FIG. 1 is a diagram showing an attenuation-frequency characteristic of a trap circuit used in a video intermediate frequency stage of a television receiver.

FIG. 2 is a perspective view showing an end surface reflection type surface acoustic wave resonator using an SH type.

3 (a) and 3 (b) are attenuation amount-frequency spectrum and impedance-of the surface acoustic wave resonator shown in FIG.
It is each figure which shows a frequency characteristic.

FIG. 4 is a plan view showing an end face reflection type piezoelectric resonator having two resonance characteristics.

5 is a perspective view of the piezoelectric resonator shown in FIG.

6 is a diagram showing impedance-frequency characteristics of the piezoelectric resonator shown in FIGS. 4 and 5. FIG.

FIG. 7 is a plan view for explaining a piezoelectric resonator used in an embodiment of the present invention.

8 is a circuit diagram showing an example of a trap circuit configured using the piezoelectric resonator shown in FIG.

9 is a diagram showing an attenuation-frequency characteristic of the trap circuit shown in FIG.

FIG. 10 is a circuit diagram for explaining a trap circuit according to an embodiment of the present invention.
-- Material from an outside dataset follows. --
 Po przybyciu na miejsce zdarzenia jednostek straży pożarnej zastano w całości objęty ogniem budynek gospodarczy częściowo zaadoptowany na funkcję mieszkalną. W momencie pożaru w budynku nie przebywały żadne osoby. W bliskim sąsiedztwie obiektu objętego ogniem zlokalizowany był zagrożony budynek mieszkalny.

11 is a diagram showing an attenuation-frequency characteristic of the trap circuit shown in FIG.

FIG. 12 is a circuit diagram for explaining a trap circuit according to another embodiment of the present invention.

13 is a diagram showing an attenuation-frequency characteristic of the trap circuit shown in FIG.
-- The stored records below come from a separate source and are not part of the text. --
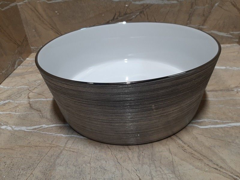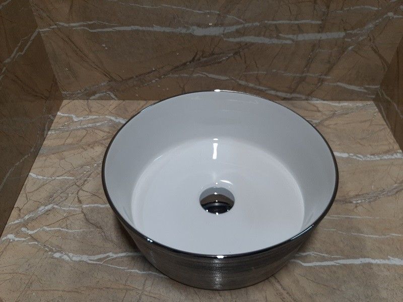 —Раковина из сантехнического фаянса CeramaLux C1054 40х40 накладная цвет хром без отверстий под смеситель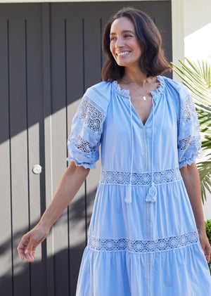 The lace trim and pintucking detailing adds a touch of femininity and sophistication to the dress, creating a delicate and romantic aesthetic.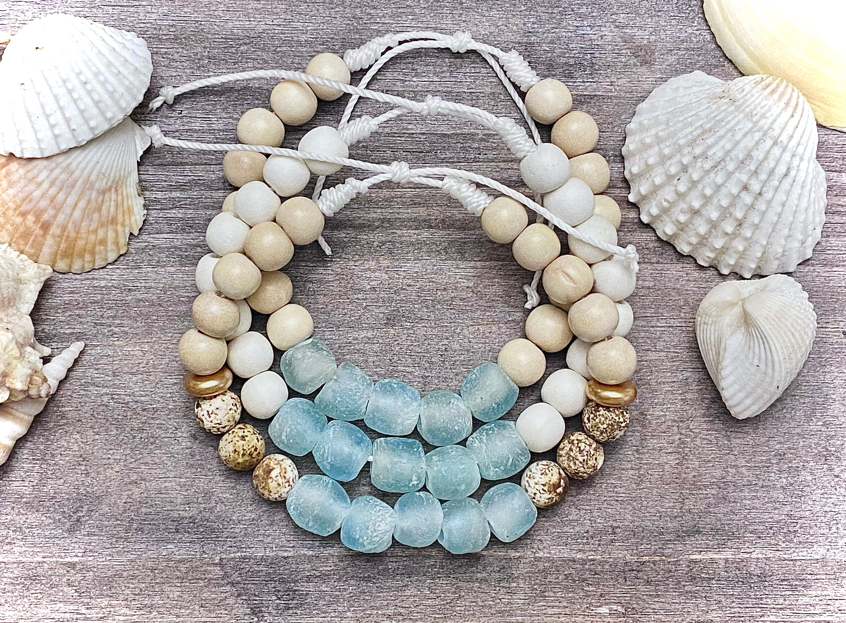 La colección Island presenta pulseras inspiradas en Long Island hechas a mano con cuentas de vidrio reciclado y cuentas de madera natural; cada pulsera está construida con una banda de cordón anudado ajustable que le da a la pulsera su aire playero.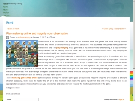 Playing Mahjong Games Online Have Great fun  | The Internet has changed how we consume all kinds of media and information. One of the areas it has changed our lives is in playing computer games. Before the Internet it was necessary to go to shop and purchase a diskette, game cartridge or CD before we could star tplaying. | x |

FIG. 14 is a plan view for explaining another example of the piezoelectric resonator used in the present invention.

[Explanation of symbols]

 21 ... Piezoelectric resonator 22 ... Piezoelectric substrate 23, 24 ... IDT 28, 29 ... 1st, 2nd resonance part 30, 35 ... Inductance element 41 ... Piezoelectric resonator 42 ... Piezoelectric substrate 45 ... IDT

Claims (4)

[Claims] 1. A piezoelectric substrate, and two sets of interdigital transducers connected to each other so as to form two resonant portions each having two resonant characteristics on the piezoelectric substrate. And a piezoelectric resonator using an SH type surface wave, wherein the two resonators are electrically connected in parallel. 2. The trap circuit, further comprising an inductance element connected between the two resonance parts or at least one of the preceding stages of the part where the two resonance parts are provided. 3. An SH type surface wave, which has a piezoelectric substrate and an interdigital transducer formed on the piezoelectric substrate and is electrically connected in parallel to each other so as to have two resonance characteristics, is used. A trap circuit comprising the first and second piezoelectric resonators. 4. An inductance element connected between the first and second piezoelectric resonators or at least one of the preceding stages of the portion where the first and second piezoelectric resonators are provided. Yes, the trap circuit.